Most countries outside central Europe—including the United States—use either chlorine, chloramines, or ozone to disinfect drinking water, Drewes says. To date, the AWWARF studies have shown that chlorination can add another barrier to pharmaceutically active compounds, but it is not nearly as effective as ozone, Snyder says, stressing that the results are as yet unpublished. He and his fellow researchers haven’t yet tackled chloramines, but he doesn’t expect them to be as effective as chorine.
Both ozonation and GAC are increasingly popular in the United States, but they are still only used by a relatively small number of larger drinking water treatment facilities, says Steve Via, a regulation engineer at AWWA. According to a survey of how U.S. facilities treat surface water by the U.S. EPA in 1997, the latest year for which figures are available, 5.4% of U.S. facilities serving 50,000– 100,000 people used ozone and 7.7% used GAC. Of treatment providers for over 100,000 people, 5.8% used ozone and 6.4% used GAC.

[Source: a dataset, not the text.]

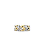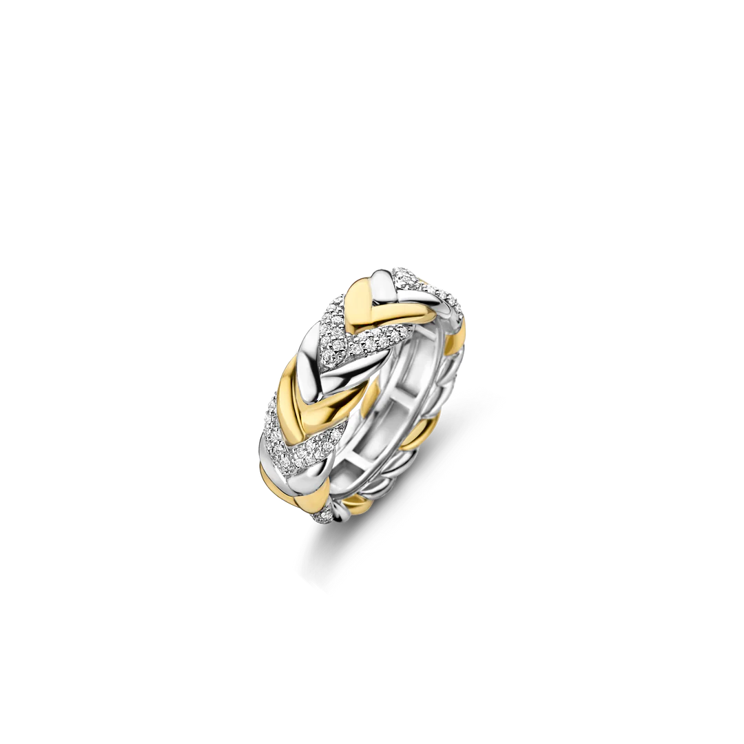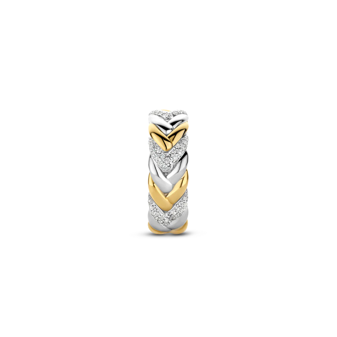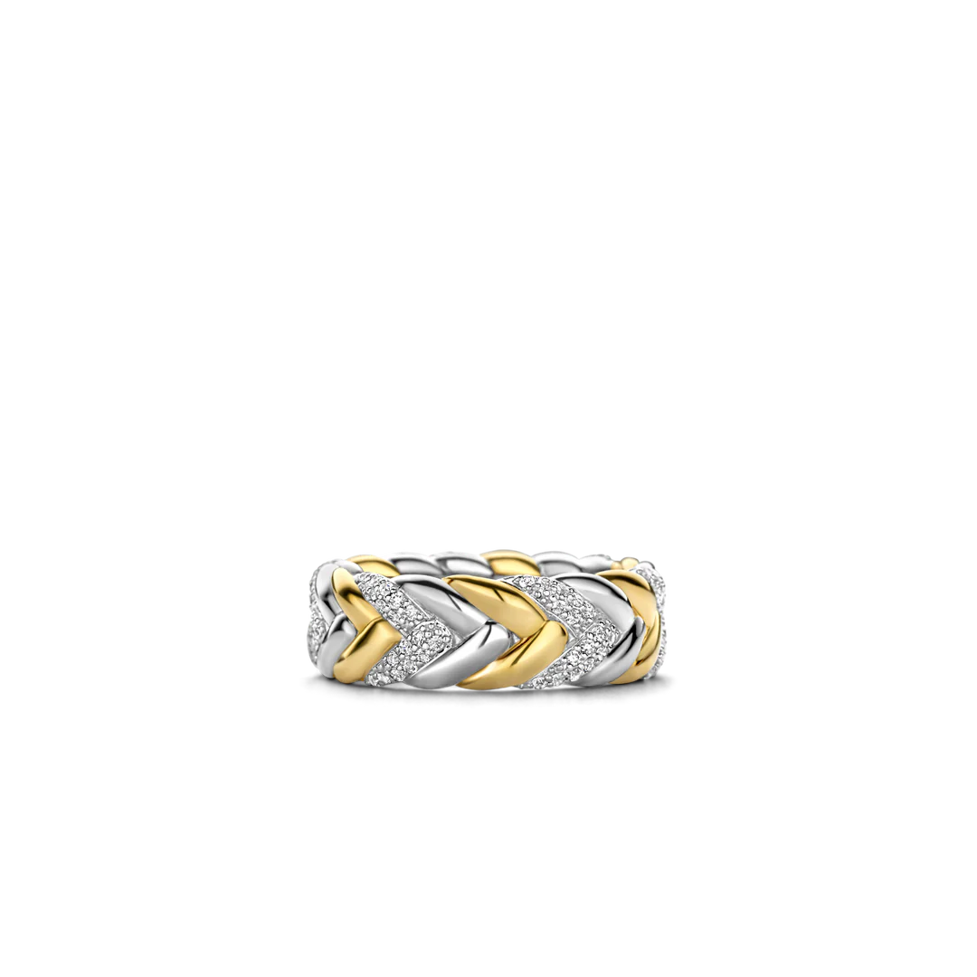 This TI SENTO gold-plated silver ring 12263ZY features an elegant, braided pattern that intertwines silver, pavé and gold-plated silver. The ring is crafted from 925 sterling silver and coated with a thick layer of platinum to protect it and keep it luminous. A classic design with a playful twist.

Although the pharmaceutical compounds that Ternes studied have been reported in wastewater and surface water outside Germany, Drewes says that clofibrate is no longer commonly used as a lipid regulator in the United States, and studies by his lab and others have found it only in some U.S. wastewater effluents. Drewes says he believes that Ternes’s carbamazepine results are most relevant in the United States; he notes that his studies of recharging groundwater have shown that the compound can survive intact after traveling 8–10 years through the subsurface.

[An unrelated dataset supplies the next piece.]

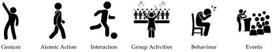 Human activities encompass a broad spectrum of actions and behaviours that can be classified into several categories based on their nature and complexity, as illustrated in Figure 3. These categories, widely recognised in the literature [65,66], provide a structured framework for understanding the various types of activities performed by humans.

Because of the increasing popularity of groundwater recharging in places like the United States, all of the scientists interviewed for this article concurred that groundwater may become contaminated with pharmaceuticals. Ternes adds that the risk that pharmaceutical compounds will be found in groundwater is “relatively high” for locations where surface water intrudes into the groundwater. Although the risk associated with consuming the low levels of pharmaceuticals found in U.S. and European waters is as yet unknown Environ. Sci. Technol. 2002, 36, 140A–145A), Ternes notes that any antibiotics that find their way into surface waters and other natural water bodies could promote antibiotic resistance. “The major concern associated with the presence of [pharmaceutically active compounds] in drinking water is not acute effects on human health (since environmental concentrations are orders of magnitude below the therapeutic dosages), but rather the manifestation of imperceptible effects that can accumulate over time to yield truly profound changes,” Drewes says. “And the latter is extremely difficult to determine.”
On the positive side, the new technologies that are likely to be put in place to reduce the probability of pharmaceuticals making their way into drinking water, such as activated carbon, could have the additional benefit of removing “all sorts of other chemicals we don’t even know about at the present,” Daughton says. “The analytical chemists have gotten way ahead of us,” in terms of their ability to devise new ways to detect chemicals that may be found in the environment, he explains. Because environmental chemists regularly discover new and unexpected compounds in the nation’s waters, he predicts that greater use of advanced water treatment technologies could represent a “much, much higher reduction of overall risk” from such compounds.